### Supplied material:
------------------------------------------------

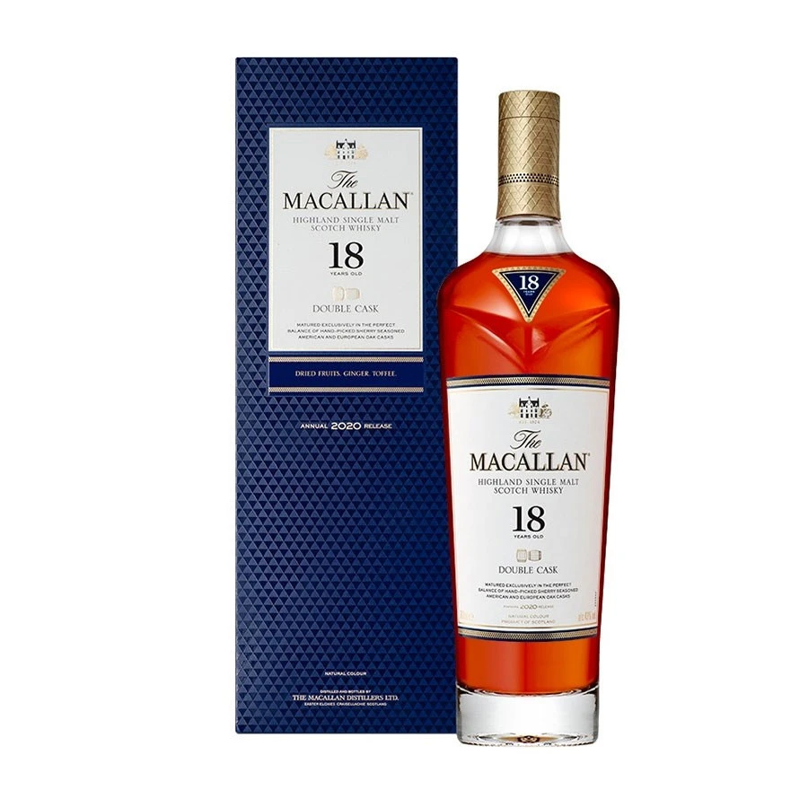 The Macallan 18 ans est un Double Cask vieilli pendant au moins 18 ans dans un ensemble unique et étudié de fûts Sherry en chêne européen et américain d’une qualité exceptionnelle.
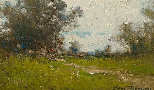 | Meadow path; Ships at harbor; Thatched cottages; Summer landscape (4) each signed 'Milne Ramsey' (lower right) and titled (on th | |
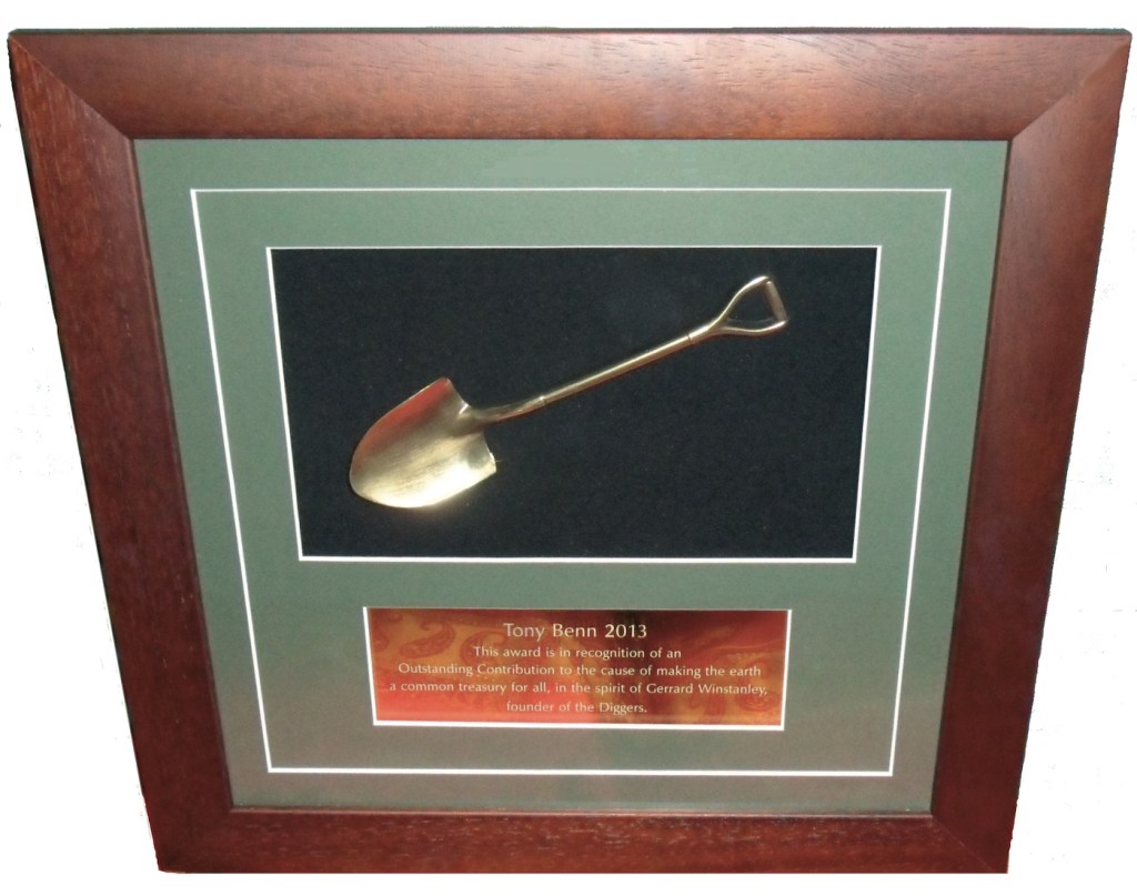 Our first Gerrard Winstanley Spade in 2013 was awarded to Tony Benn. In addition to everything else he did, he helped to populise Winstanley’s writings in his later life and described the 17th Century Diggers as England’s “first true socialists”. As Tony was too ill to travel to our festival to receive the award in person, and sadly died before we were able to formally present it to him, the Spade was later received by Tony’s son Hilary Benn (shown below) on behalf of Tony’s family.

------------------------------------------------

### The task:
From the first line to the last, write out the data exactly, dropping any pictures.

### Exercise solution:
 The Macallan 18 ans est un Double Cask vieilli pendant au moins 18 ans dans un ensemble unique et étudié de fûts Sherry en chêne européen et américain d’une qualité exceptionnelle.
 | Meadow path; Ships at harbor; Thatched cottages; Summer landscape (4) each signed 'Milne Ramsey' (lower right) and titled (on th | |
 Our first Gerrard Winstanley Spade in 2013 was awarded to Tony Benn. In addition to everything else he did, he helped to populise Winstanley’s writings in his later life and described the 17th Century Diggers as England’s “first true socialists”. As Tony was too ill to travel to our festival to receive the award in person, and sadly died before we were able to formally present it to him, the Spade was later received by Tony’s son Hilary Benn (shown below) on behalf of Tony’s family.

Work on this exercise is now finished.